3. One atypical antipsychotic versus another atypical antipsychotic
The mean end point BPRS score was not significantly different for people who received risperidone compared with those who received olanzapine; however, the above data were highly skewed. Overall no difference was noted in the number of people leaving the studies early because of any adverse effects between each study arm in the three studies comparing olanzapine and risperidone (3 RCTs, n = 130, RR 1.15, 95% CI 0.44 to 3.04). Specific adverse events were not reported uniformly across the six different studies included in this section of the review; therefore it was difficult to do a head-to-head comparison of adverse events for different atypical antipsychotic medications.

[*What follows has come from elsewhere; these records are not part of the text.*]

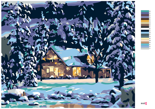 Paint by Numbers - SNOW-COVERED LOG CABIN IN THE WOODS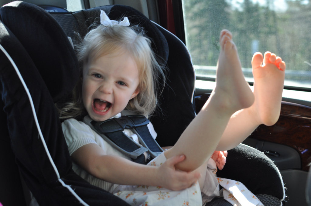After church, Haley and I played while the boys loaded trailers. Then we had a picnic in the warm sun before heading to my parents’ house. Here we are on the drive down. 🙂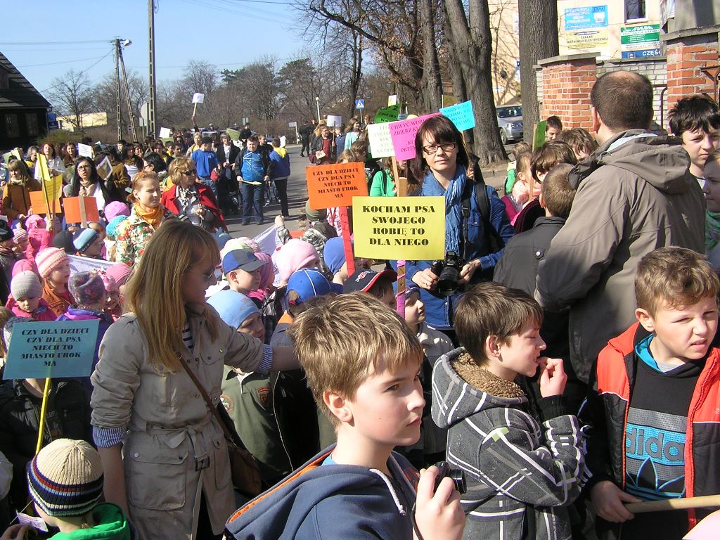 Akcja ,,Psie kupy na śmietniki, dzieciaki na trawniki!”, w której uczestniczyło ponad 550 dzieci, młodzieży i dorosłych, rozpoczęła się w Pasażu Rajczaka. Tam uczestnicy wręczyli pisemną petycję władzom Spółdzielni Mieszkaniowej „Lokator”, pod którą podpisało się ponad 2 tys. osób popierających akcję. Następnie ulicą Łaską oraz al. Kościuszki przeszli do magistratu i starostwa. Do władz trafiły również, własnoręcznie przez dzieci i młodzież stworzone, wielkie petycje, torebki na psie odchody oraz chorągiewki, którymi protestujący znakowali miejsca na trawnikach, gdzie zalegały psie odchody. Podobnie takie torebki i chorągiewki otrzymywali od protestujących przechodnie. Nad bezpieczeństwem uczestników przemarszu czuwali Policjanci Komendy Powiatowej Policji w Zduńskiej Woli oraz uczniowie Szkoły Policyjnej w Wojsławicach. Przebieg akcji relacjonowały lokalne telewizje, radio, gazety.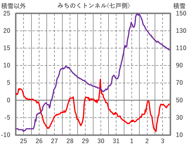 | 日 | 時 | 気温 | 降水 | 風向/風速 | 日照 | 積雪 | 降雪 |
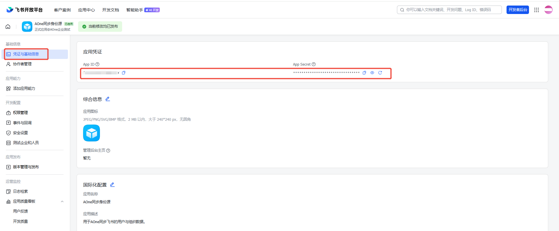 | 1 | AppID和AppSecret | 进入上面创建的应用,点击凭证与基础信息菜单,获取AppID和AppSecret参数 |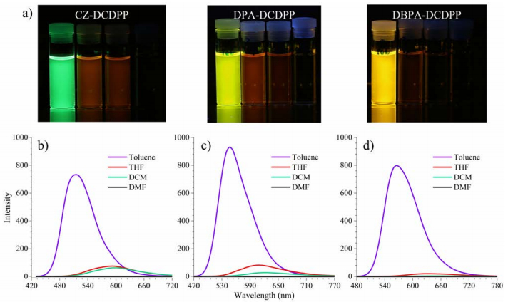 | Fig. 2. (a) Photographs taken under 365 nm UV illumination and (b-d) emission spectra of corresponding solutions of (b) CZ-DCDPP, (c) DPA-DCDPP and (d) DBPA-DCDPP in different solvents (from left to right: toluene, THF, DCM and DMF). Concentration = 10μmol/L. | |

4. Lower-dose atypical antipsychotic versus standard/higher-dose atypical antipsychotic
Three studies reported comparisons of lower doses of the atypical antipsychotic medication with standard/higher doses of the same medication. One study reported better symptom reduction with a standard dose of risperidone as compared with a low dose (1 RCT, n = 257, RR -8.00, 95% CI -13.75 to -2.25). In another study, no difference was reported in the number of participants not achieving remission between the group receiving 10 mg/d and those who received 30 mg/d of aripiprazole (1 RCT, n = 196, RR 0.84, 95% CI 0.48 to 1.48). Similarly in the other study, authors reported no statistically significant difference in clinical response between the two groups receiving lower-dose (80 mg/d) and higher-dose (160 mg/d) ziprasidone, as reflected by the mean end point BPRS score (1 RCT, n = 17, MD -4.40, 95% CI -19.20 to 10.40).